L'anno scorso avrebbe dovuto essere quello della ripresa per l'economia americana. A fine 2010 il Congresso aveva tagliato le tasse sui salari, esteso i sussidi per la disoccupazione e incentivato la spesa per investimenti, mentre anche la Federal Reserve faceva la sua parte. Malgrado ciò la crescita nei primi tre trimestri restava attorno all'1 per cento e nella ultima parte dell'anno migliorava minimamente. L'aumento dei prezzi del petrolio, causato dalla rivolta araba, si rimangiava da solo i tagli fiscali e le altre misure approvate dal Congresso.
  E a marzo arrivavano lo tzunami e il disastro nucleare in Giappone, seguito dall'estendersi pochi mesi dopo della crisi dei debiti sovrani dell'area dell'euro, e dalla crisi bancaria che ne derivava. Ovvio pertanto che per stimare le prospettive di crescita degli Stati Uniti nel 2012 gli analisti tengano in gran conto l'evoluzione dello scenario internazionale.

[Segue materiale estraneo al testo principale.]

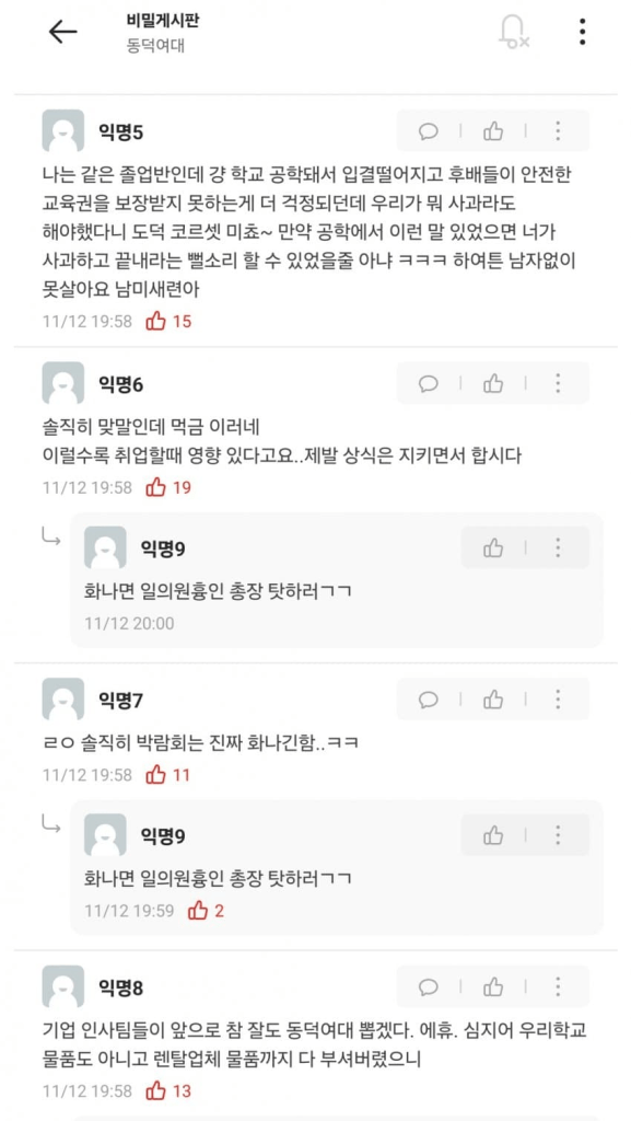 특히 취업박람회까지 전부 파손 시킨 학생들…

La Federal Reserve ha infatti confermato di essere ancora disposta a mantenere i tassi d'interesse bassi, fugando ogni dubbio a riguardo e, a sua volta, il Congresso ha rinnovato lo stimolo fiscale per un ammontare di circa 300 miliardi di dollari. Si ripete insomma oltre oceano lo stesso scenario di inizio 2011. E con la novità positiva tuttavia della politica monetaria di Mario Draghi. Col suo nuovo presidente la Bce ha garantito subito un sostegno potente alle banche europee; mentre lo scenario orientale anch'esso parebbe non pregiudicato. Il rallentamento dell'inflazione in Cina potrebbe infatti rimandare una politica restrittiva. Migliorasse davvero lo scenario europeo potrebbe pertanto secondo alcuni analisti realizzarsi uno scenario di crescita degli Stati Uniti del 3 per cento.
Ma l'incertezza resta il principale ostacolo alla crescita americana anche nel 2012. Un evolversi negativo della situazione iraniana potrebbe infatti peggiorare lo scenario del Medio Oriente. E lo scenario del debito europeo resta, malgrado la Bce, ancora irrisolto. Tuttavia proprio la miglior salute relativa dell'economia americana potrebbe aiutarne, per esempio secondo l'autorevole John H. Makin della AEI, in misura consistente la crescita. E comunque la maggior parte degli analisti prevedono un 2012 migliore del 2011 per l'economia degli Stati Uniti.